At the beginning of the campaign, I thought he was simply a boor,  But, the more I heard him speak, the more I realized this is not an intelligent person.

I am not a reality television fan.  I never saw The Apprentice.  I just listened to the satirists take off on trump whose outsized voice, belly, persona,  reverse pompadour and John Boehner makeup make him an easy mark.  But the reality show, a serial display of contrived events meant to represent what happens in courtship or apartment sharing or in business, has become the new opiate  of the masses.

The reality show made trump a star and America loves stars and red carpets and mass adoration.  Americans are conformists.  If they weren’t, they’d be embarrassed that a reality television star is the most likely of the narrowing list of candidates to become president.

Wait!  I was embarrassed when a B movie actor became president.  Actually, that just proved my point.  Americans are difficult to embarrass, perhaps, because they have perceptual problems.

Earlier this week, I wrote on a thread that because of his poor language skills, I would guess trump’s IQ is average, or, between 95 and 100,  Another poster wrote that, based on his SAT scores and knowing that he was accepted at Wharton, his IQ had to be 156.

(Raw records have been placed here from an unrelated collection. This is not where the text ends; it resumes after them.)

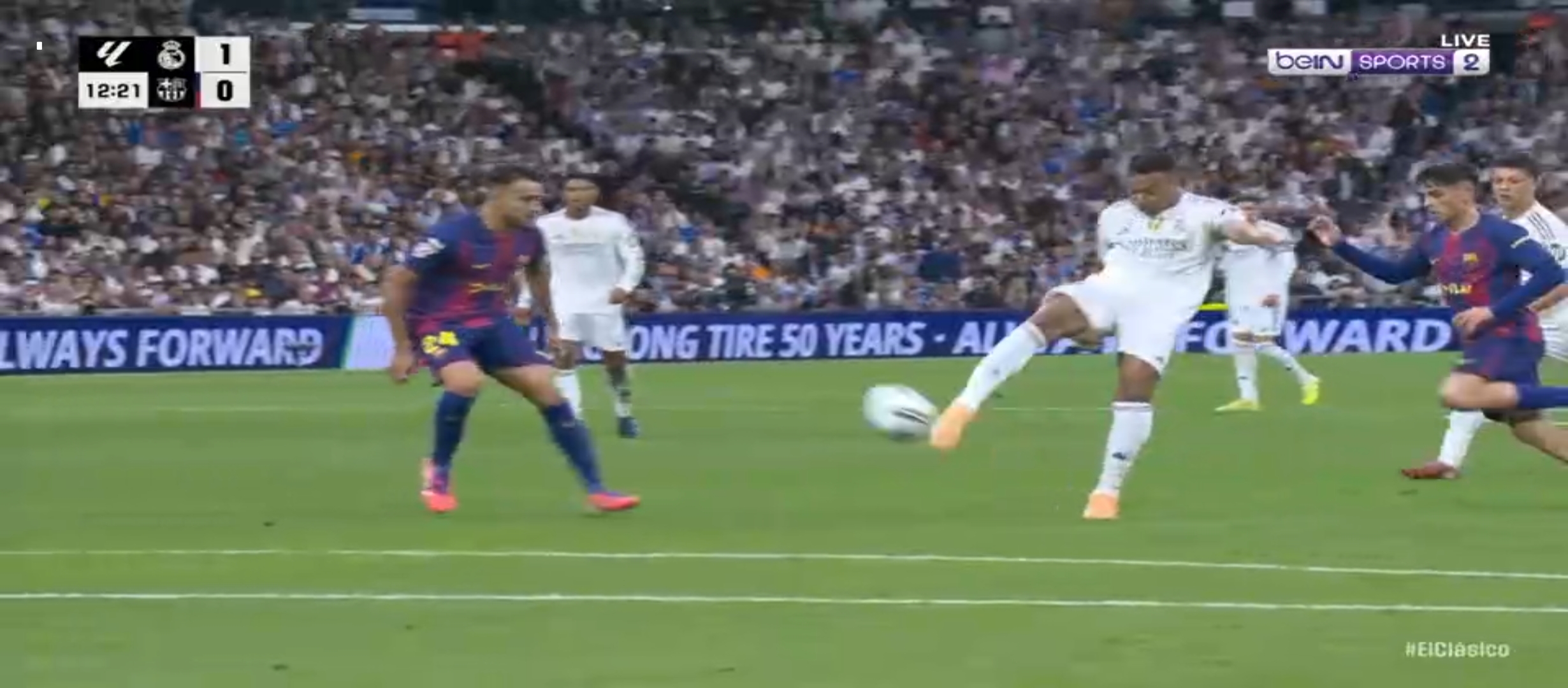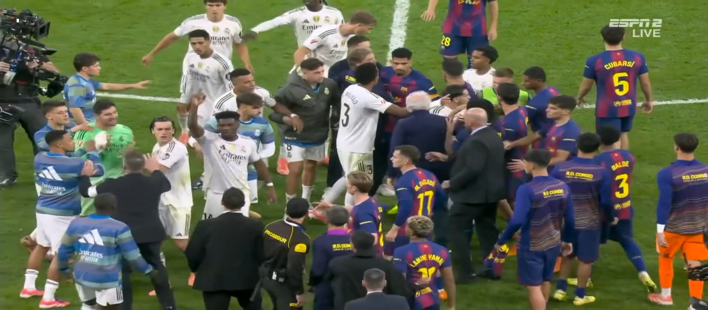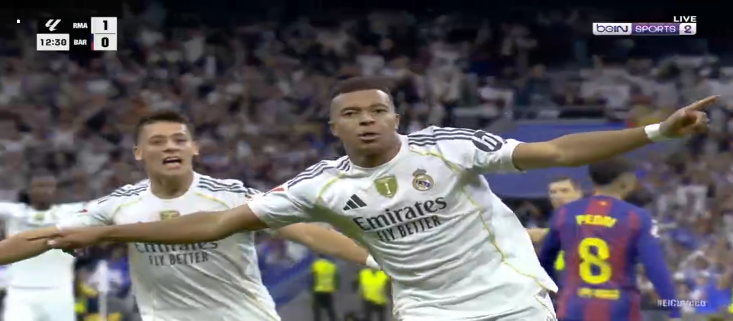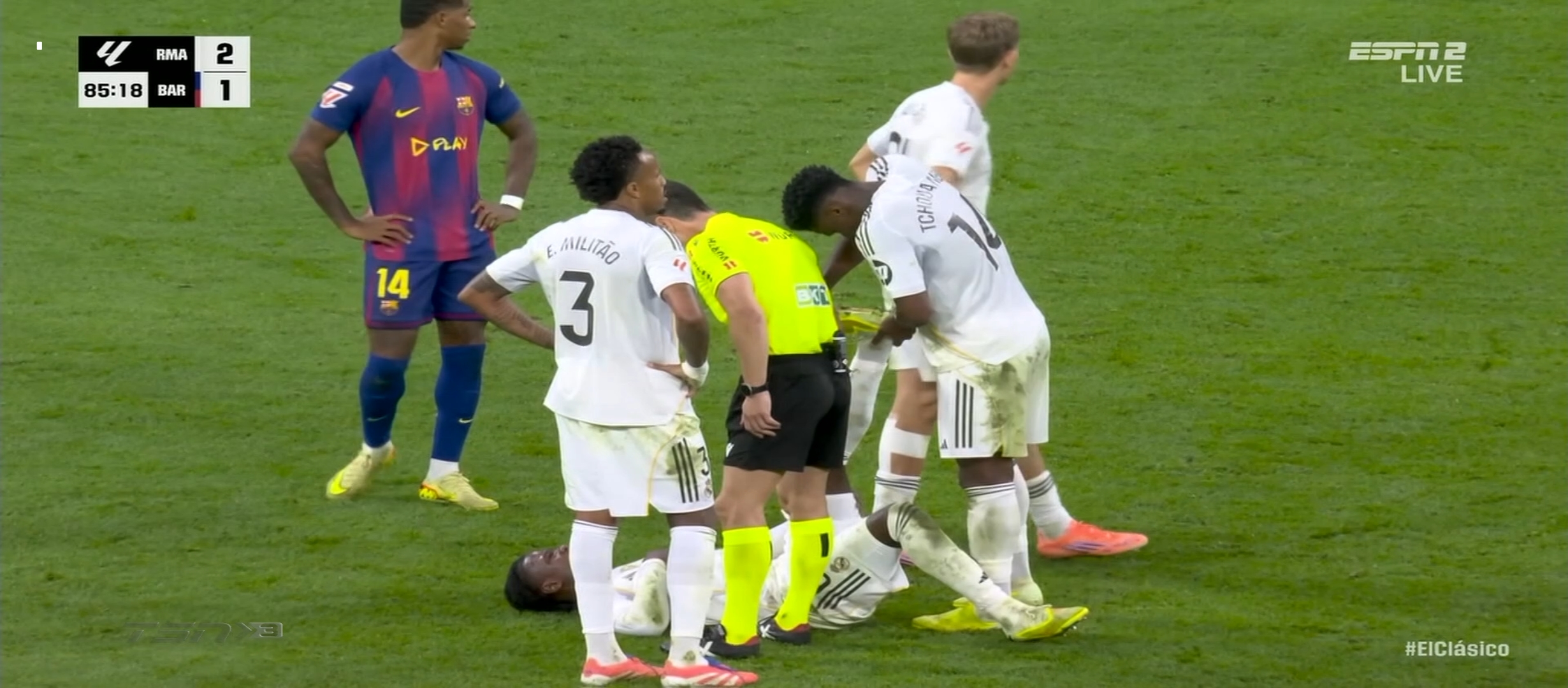 ম্যাচের ৩৮ মিনিটের সময় আর্দা গুলারের একটা ভুলে বল পেয়ে যায় বার্সেলোনা খেলোয়ার। ফলাফল গোল হজম করতে হয়। ম্যাচে সমতা চলে আসে। কিন্তু রিয়াল মাদ্রিদের খেলা অব্যাহত থাকে। মাঠের বাম প্রান্ত ভিনিসিয়াস বার্সেলোনা ডিফেন্ডার দের একেবারে নাচিয়ে ছাড়ছিল। নিজের অসাধারণ স্কিল ড্রিবলিং দিয়ে বল বের করে নিয়ে যাচ্ছিল। ফলাফল ম্যাচের ৪৩ মিনিটে ভিনিসিয়াসের বাড়িয়ে দেওয়া বল হেড দেয় মিলিটাও। সেটা চলে যায় বেলিংহামের কাছে। বেলিংহাম সহজ সুযোগ মিস করেনি। গোল করে এগিয়ে নেয় দলকে। প্রথমার্ধে ২-১ গোলে এগিয়ে থাকে রিয়াল মাদ্রিদ। দ্বিতীয়ার্ধে খেলা বেশ কিছুটা ধীরগতির হয়ে যায়। রিয়াল মাদ্রিদ খেলোয়ার রা খুব বেশি আক্রমণে যাচ্ছিল না। ফলাফল বার্সেলোনা ম্যাচে আধিপত্য বিস্তার করতে থাকে। ফলাফল বেশ কিছু সুযোগ তৈরি করলেও কোন গোল তারা দিতে পারেনি।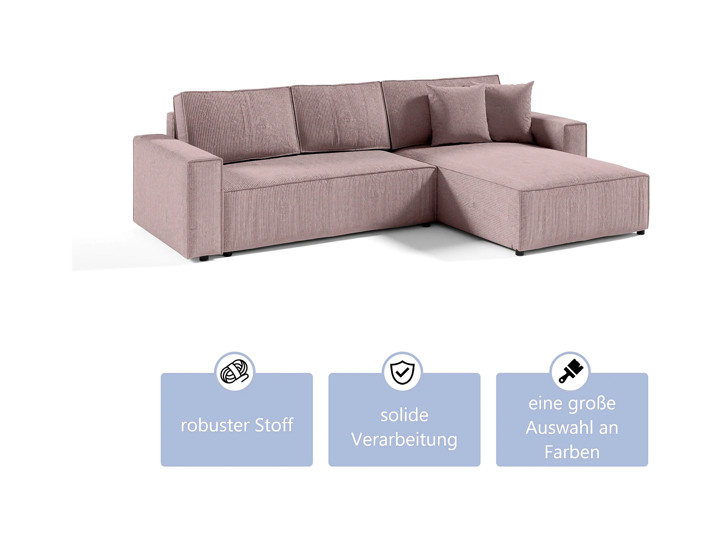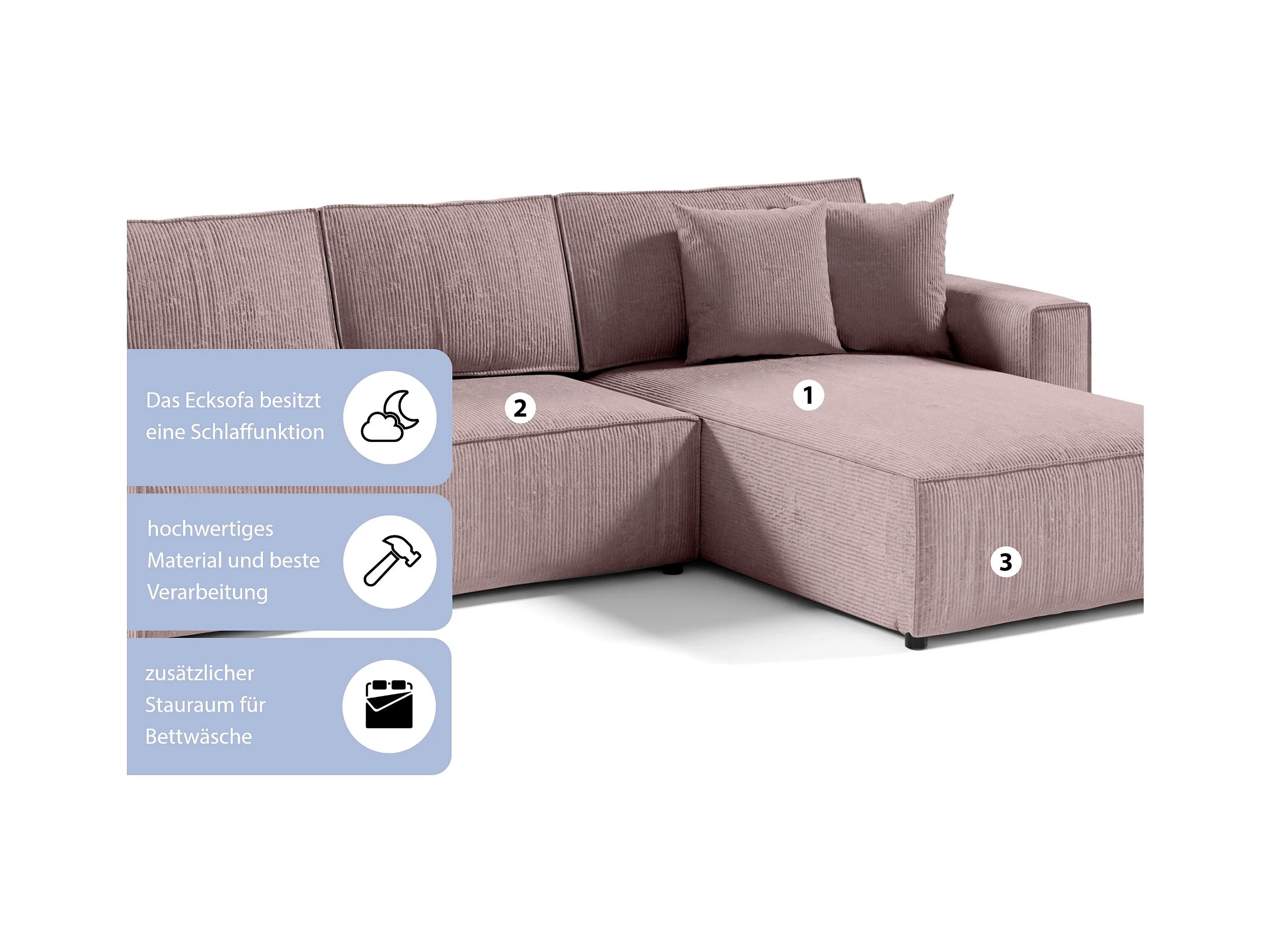 ECKSOFA aus Cord Stoff Bento L Rosa Right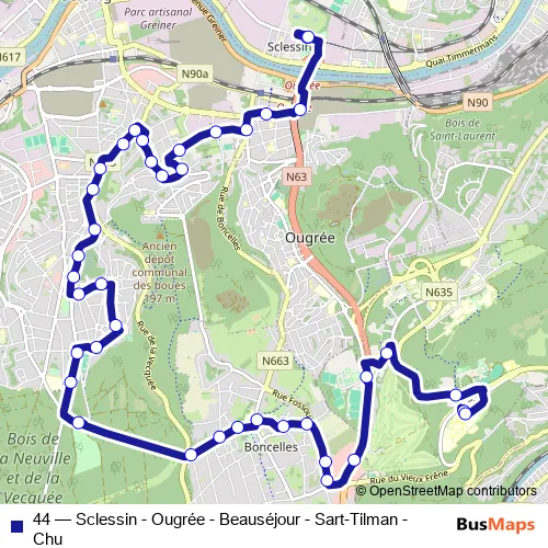 The first stop of the 44 bus route is Sart-Tilman Chu and the last stop is Sclessin Standard - Quai A. 44 (Sclessin - Ougrée - Beauséjour - Sart-Tilman - Chu) is operational during tous les jours.

I asked the other person if he had seen trump’s SAT scores.He admitted he hadn’t then suggested I learn to read.  I decided to see if I could, even if it meant acting a bit like the birthers trump supported, discover trump’s IQ.  The poster plagiarized tje information from  Before It’s News, a blog site where one can learn the latest about UFO’s and Big Foot and Donald Trump.

The man behind the speculation calls himself various names, none of which are traceable because they’re pseudonyms.  He identifies as a former Navy officer and a therapist, a member of Mensa and of the Society of Professional Journalists.  If he is a therapist, his speculation on trump’s IQ is not just misguided but unethical.  If he is a member of the SPJ, his writing may violate its code of ethics, which is, perhaps, why he uses a nom d’email.

Then I found an article in from The Daily Pennsylvanian, the independent student paper of the University of Pennsylvania.  Dan Spinelli, while investigating trump’s academic career found that few people in his class knew him.  Perhaps, that was because trump had been a transfer student.  Spinelli quoted Gwenda Blair, a trump biographer and adjunct professor at the Columbia School of Journalism, who wrote trump was accepted as a favor.

Trump, the reality star, has begun to sound more like a character from a Dickens’ novel.